**Assignment**
Would you set down the data that follows, word for word, without any pictures?

**Given material**
Start of Block

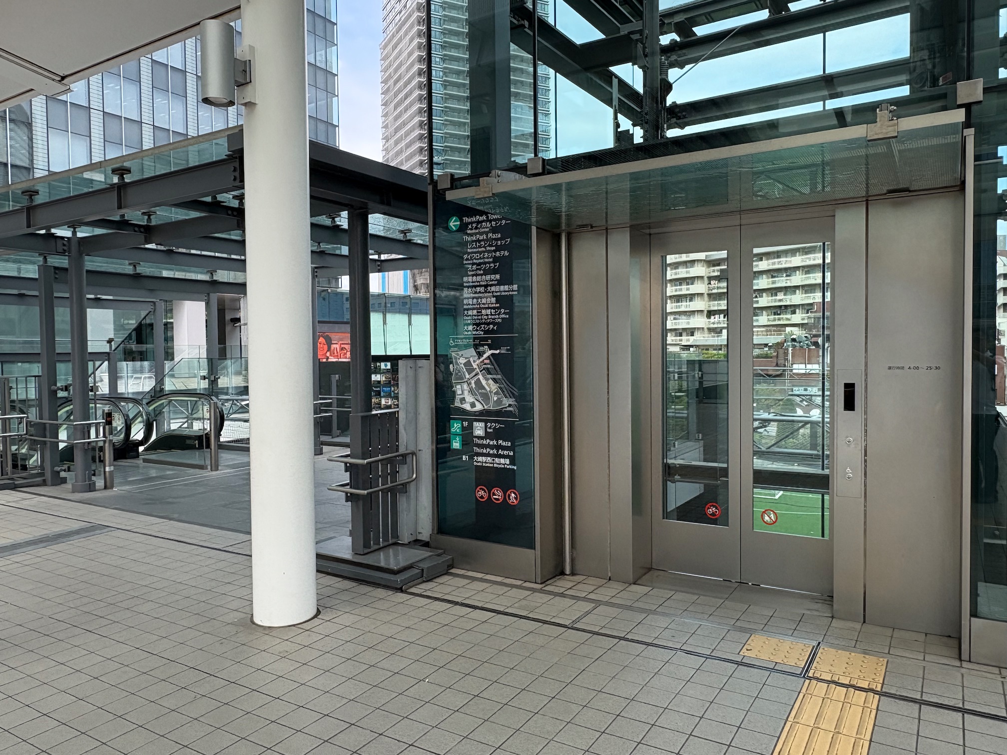 途中まで行くとエレベーターとエスカレーターがあるので地上へ降ります。
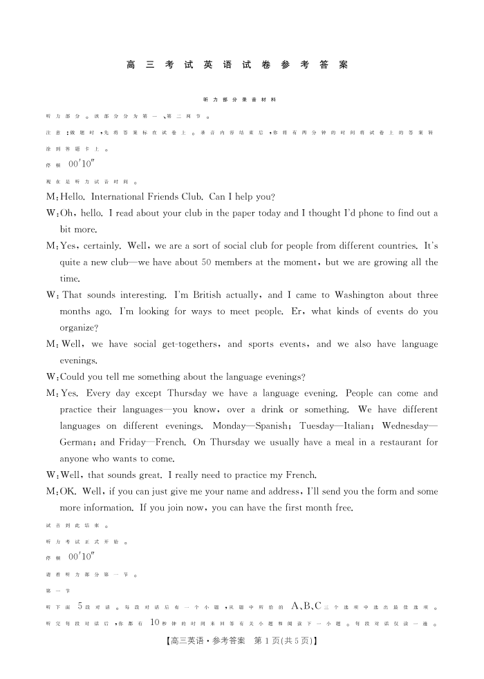 辽宁省部分高中2023-2024学年高三上学期10月月考 英语答案
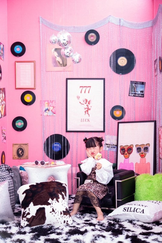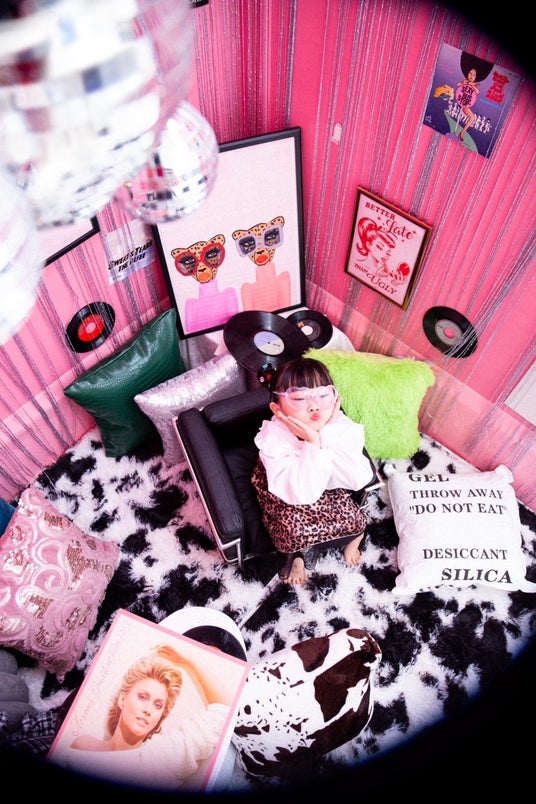 本物のレコードを背景に使用し、ミラーボールと額縁、特徴的な様々なインテリアを組み合わせることでよりこのスタジオの世界観を演出します。

End of Block

**Written reply**
 途中まで行くとエレベーターとエスカレーターがあるので地上へ降ります。
 辽宁省部分高中2023-2024学年高三上学期10月月考 英语答案
 本物のレコードを背景に使用し、ミラーボールと額縁、特徴的な様々なインテリアを組み合わせることでよりこのスタジオの世界観を演出します。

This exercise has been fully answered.